Biden and Harris 2020

Democratic presidential candidate former Vice President Joe Biden and his running mate Sen. Kamala Harris, D-Calif., arrive to speak at a news conference at Alexis Dupont High School in Wilmington, Del.

Let’s not kid ourselves: after the most historic election in recent memory, the past two weeks have been absolutely tiring.

Following the Nov. 7 consensus that Democratic candidate Joe Biden would become the 46th President of the United States, a sense of relief seemed to sweep through the nation.

Like a climactic scene straight out of “Return of the Jedi,” U.S. citizens from New York to Los Angeles took to the streets to celebrate Biden’s victory — and Trump’s defeat — and pop bottles of champagne in between bouts of celebratory dancing.

Yet, between delayed polling results, the sitting president and his supporters refusing to concede to the victor and widespread misinformation about nonexistent voter fraud, the American public’s faith in the democratic system is fraught. 

As momentous of an occasion it is to see the incumbent defeated, Trump’s defeat and Biden’s victory will not solve our nation’s ongoing problems. An ongoing pandemic, a deluge of racial and class divisions and an environmental cry out for help don’t just go away once the man Sen. Bernie Sanders called the “most dangerous president in modern history” leaves office.

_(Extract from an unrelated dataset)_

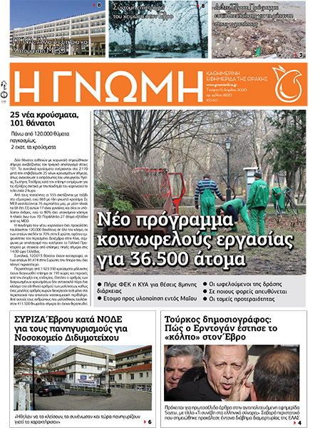 Τετάρτη 15 Απριλίου – Αρ.φύλλου 8820 ΓΝΩΜΗ Εκδόσεις 15 Απριλίου 2020 by Η Γνωμη 1Like Εάν είστε συνδρομητής κάντε κλικ στο πρωτοσέλιδο για να ξεφυλλίσετε. Για να εγγραφείτε συνδρομητής, κάντε κλικ εδώ

Sure, Biden wields old-school charm to combat Trump’s galvanizing rhetoric, but Biden and Vice President-Elect Kamala Harris both have pasts that cannot be ignored. After all, the Biden-Harris ticket came from the same polarized political environment that created a runway for Donald Trump’s far-right populism.

With the resurgence of the Black Lives Matter movement, a protest to the death of black men and women at the hands of law enforcement, we should consider the track records of those inheriting the Oval Office before we celebrate them as progressives just because they aren’t Donald Trump and Mike Pence.

Yes, people change -- but for political figures like the Commander-in-Chief, their past actions have changed the face of this nation in ways still felt to this day.

One source of scrutiny along his journey to the White House was the 1994 crime bill Biden authored under the Clinton administration. The bill “was meant to reverse decades of rising crime, [but] was one of the key contributors to mass incarceration in the 1990s… [that] led to… more aggressive policing — especially hurting Black and brown Americans.”

Harris' record is blemished as well. As Attorney General of California from 2011 to 2017, Kamala Harris “avoided intervening in cases involving killings by the police… she did not step in. Except in extraordinary circumstances, she said, it was not her job.”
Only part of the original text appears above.